Der eine Schritt könnte sein: Sich selber sehen, wie man ist: Die
meisten von uns haben kein großes körperliches Gebrechen,
wie der Blinde. Aber wir alle sind vom Leben ein Stückweit
gezeichnet: Wir tragen unterschiedliche Erfahrungen mit uns:
auch die von Scheitern, Verletzungen, Schuld mit uns. Wir
kommen an unsere Grenzen, wir kämpfen mit Defiziten, mit
Leiden, mit Ungerechtigkeiten. Wir stellen Fragen nach Sinn,
nach dem Wesentlichen im Leben. Und wir sehnen uns nach
Harmonie, nach tiefer Geborgenheit, nach Erfüllung, nach Heil.
Diese Sicht auf uns selber macht offen, macht suchend.
Und dann der zweite Schritt: Erkennen und staunen: Da ist ja
jemand, der mir geben will, was ich zu tiefst brauche. Der genau
dafür gekommen ist, um mich in meinen größten Bedürfnissen
zu begegnen.

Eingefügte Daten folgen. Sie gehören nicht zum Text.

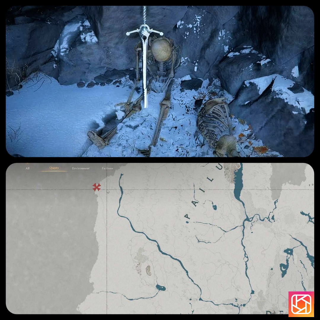 • The Chillfallen Sword can be found in the arms of a skeleton nestled in the corner of a large open snow field west of Pailune, near the First-Finger Lake at the very edge of the map. It can be obtained right at the very start of the game without defeating any bosses or solving any puzzles.

Um mir die innersten Sehnsüchte zu stillen.
„Jesus, Davids Sohn, hab Erbarmen mit mir!“ - Mein Bedürfnis
und seine Hilfe – das passt ja wunderbar – wie ein Handschuh
auf die Hand.
Wenn ich mich persönlich auf Jesus einlassen, im Beten, Rufen
und Schreien, im Wünschen, Hoffen und Sich-Sehnen, dann
können mir die Augen aufgehen für Jesus. Wenn ich betroffen
zu diesem Jesus gehe, dann merke ich, wer er ist: mehr als eine
geschichtliche Gestalt, eine beeindruckende Persönlichkeit,
eine moralische Instanz, ein großartiger Märtyrer.
Wer Jesus so persönlich begegnet, der wird seinen Weg eher
verstehen: Dass er den Weg ins Leiden und in den Tod aus Liebe
geht – aus Liebe zu jedem Mensch. Dass Liebe auch Opfer
bedeutet. (Ehepartner, Väter und Mütter wissen das genau.)
Und das Opfer Jesu dem zu Gute kommt, der sich ihm
anvertraut.
Liebe Gemeinde, ich wünsche Ihnen, dass Sie verstehen – Ihre
Angehörigen und Freunde natürlich! Aber auch Jesus und
seinen Weg. Ich wünsche Ihnen, dass Ihre Augen für ihn
aufgehen - immer wieder neu. Machen Sie es wie der Blinde:
Redet Sie mit Jesus, rufen Sie ihn an! Sagen Sie ihm, was
schwierig ist, wo ihre Not ist! Und ich bin zuversichtlich: Sie
werden sein Heil und seine Liebe erleben.